MATERIAL PROVIDED ▸
--- START ---
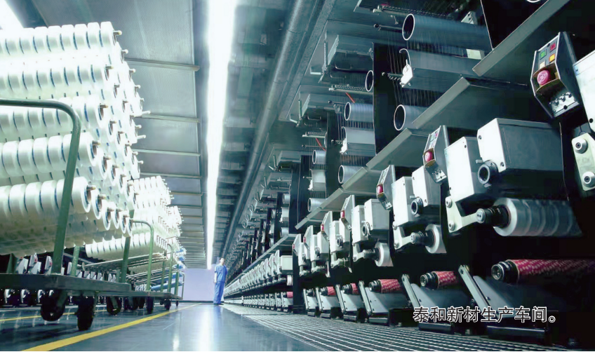
泰和新材生产车间。
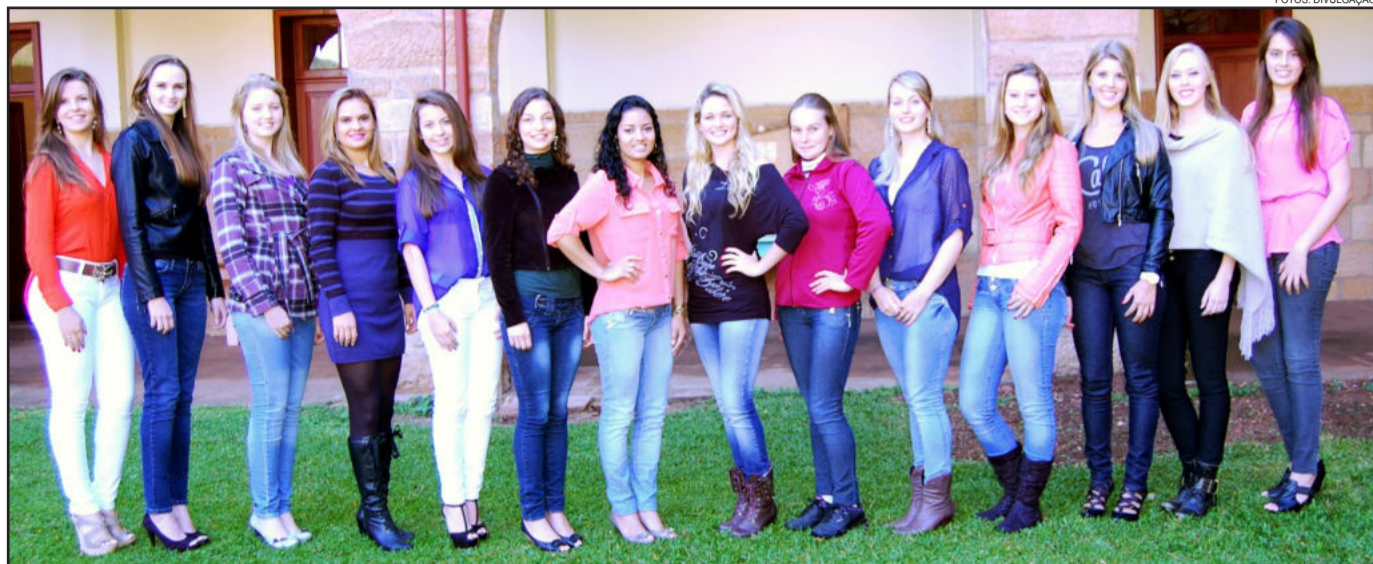
Candidatas que disputarão o título nesta sexta-feira
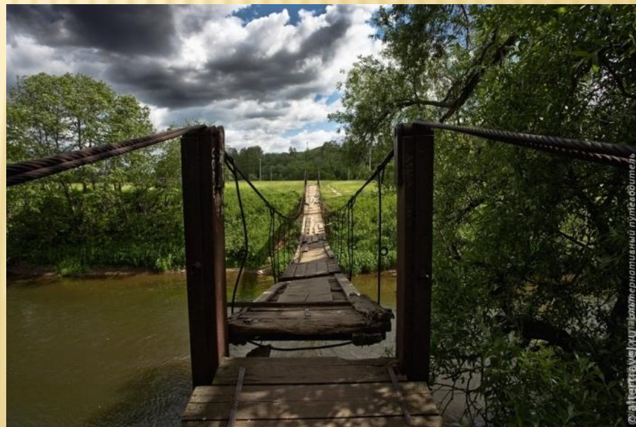
ШЕСТИСЕКЦИОННЫЙ ПОДВЕСНОЙ МОСТИК
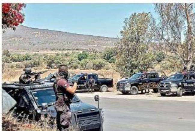
La vigilancia en la Región Sureste ha sido reforzada.
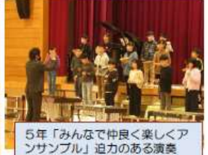
5年「みんなで仲良く楽しくアンサンブル」迫力のある演奏

発表会に向けて毎日練習に励んできた子どもたち、それぞれが楽しく質の高い発表となりました。「挑戦」は2学期の全校のキーワードです。2日前には、リハーサルを兼ねて、子ども同士で発表し合い見る会をしました。
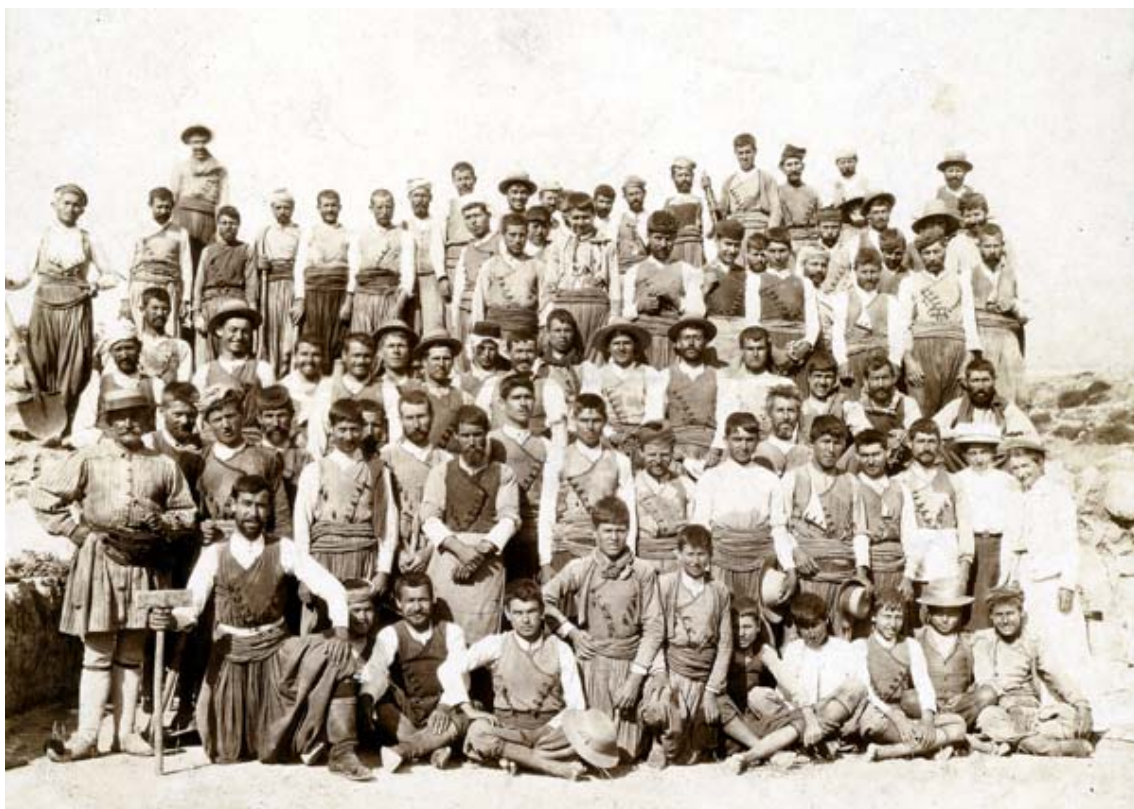
Εικόνα 3. Ανασκαφή στα Γουρνιά, 1904. Στη δεύτερη σειρά από δεξιά η Harriet Boyd και η Edith Hall (έκθεση Breaking ground, breaking tradition: Bryn Mawr and the first generation of women archaeologists , Bryn Mawr College Library, 2007, www.brynmawr.edu/library/exhibits/BreakingGround/dohan.html ).

Η συνεργασία των Boyd και Hall θα συμβάλει στην άρση των απαγορεύσεων: το 1908 η Elizabeth Gardiner και το 1910 η Alice Walker θα συμμετάσχουν στην ανασκαφή της Αμερικανικής Σχολής στην Κόρινθο και το 1911 η Walker και η Hetty Goldman θα αναλάβουν εν μέρει με δικά τους έξοδα και χωρίς ανδρική επίβλεψη την ανασκαφή στις Αλές (Φθιώτιδα). 24 Ο διευθυντής της σχολής Bert Hodge Hill, αν και είχε αρνηθεί στη Goldman να ανασκάψει στην Εύτρηση (Βοιωτία), στη συνέχεια πείστηκε να προσυπογράψει το αίτημα προς τις ελληνικές αρχές για ανασκαφή στις Αλές, παρά την επιφυλακτικότητα των τελευταίων ως προς την καινοφανή ιδέα δύο «ασυνόδευτων» γυναικών σε μια απομακρυσμένη τοποθεσία. 25 Όπως διηγούνται η ίδια χρόνια αργότερα, η συναίνεσή του οφειλόταν στην επιθυμία του να στείλει τις δύο γυναίκες
--- END ---
PROBLEM DESCRIPTION ▸ Start with the first line of the records above and end with the line containing "発表会に向けて毎日練習に励ん". Output those lines exactly, pictures excluded.

OUTPUT FOR THIS EXERCISE ▸
泰和新材生产车间。
Candidatas que disputarão o título nesta sexta-feira
ШЕСТИСЕКЦИОННЫЙ ПОДВЕСНОЙ МОСТИК
La vigilancia en la Región Sureste ha sido reforzada.
5年「みんなで仲良く楽しくアンサンブル」迫力のある演奏

発表会に向けて毎日練習に励んできた子どもたち、それぞれが楽しく質の高い発表となりました。「挑戦」は2学期の全校のキーワードです。2日前には、リハーサルを兼ねて、子ども同士で発表し合い見る会をしました。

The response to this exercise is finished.